* Work task *
Repeat every line of the data exactly; no picture belongs in the copy.

* Data *
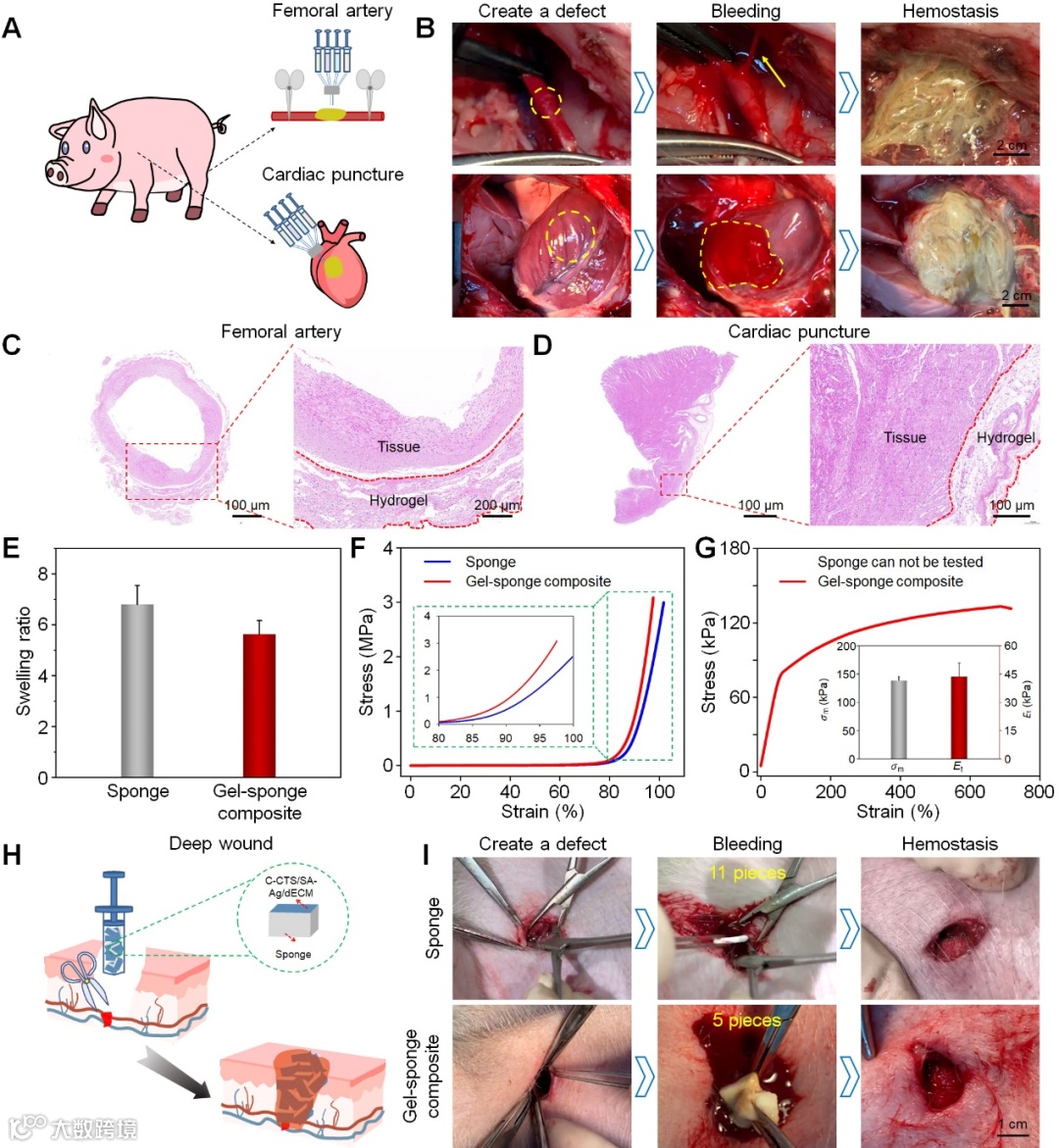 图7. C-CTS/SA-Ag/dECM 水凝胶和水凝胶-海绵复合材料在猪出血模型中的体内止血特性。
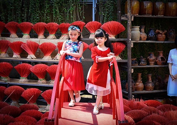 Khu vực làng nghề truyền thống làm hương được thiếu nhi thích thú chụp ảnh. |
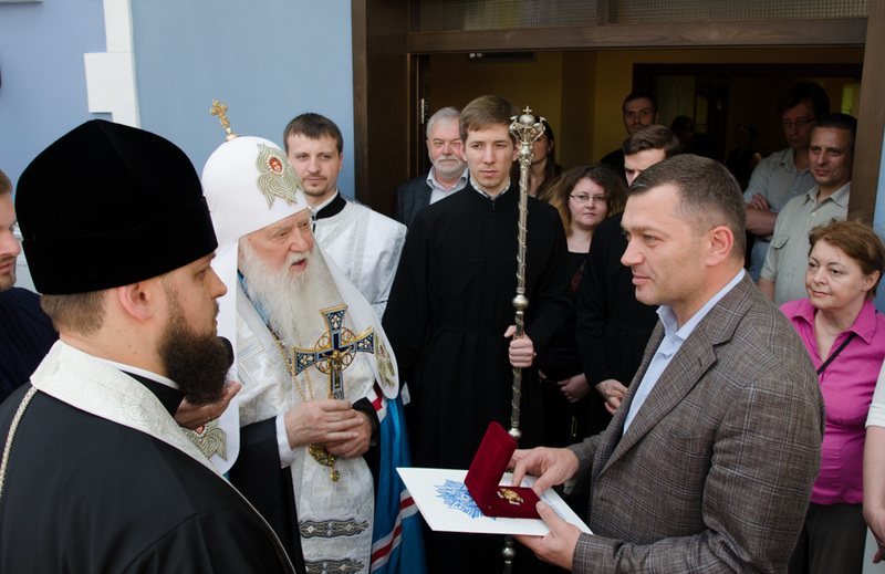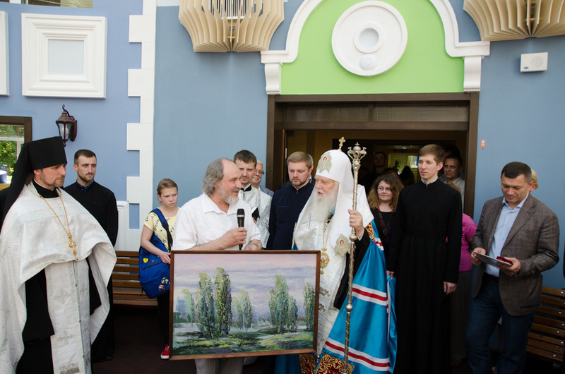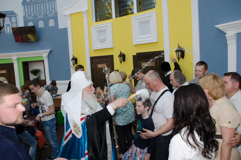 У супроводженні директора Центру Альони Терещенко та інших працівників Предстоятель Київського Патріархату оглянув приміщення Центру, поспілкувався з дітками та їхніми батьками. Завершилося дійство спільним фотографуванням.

* Answer to the exercise *
 图7. C-CTS/SA-Ag/dECM 水凝胶和水凝胶-海绵复合材料在猪出血模型中的体内止血特性。
 Khu vực làng nghề truyền thống làm hương được thiếu nhi thích thú chụp ảnh. |
 У супроводженні директора Центру Альони Терещенко та інших працівників Предстоятель Київського Патріархату оглянув приміщення Центру, поспілкувався з дітками та їхніми батьками. Завершилося дійство спільним фотографуванням.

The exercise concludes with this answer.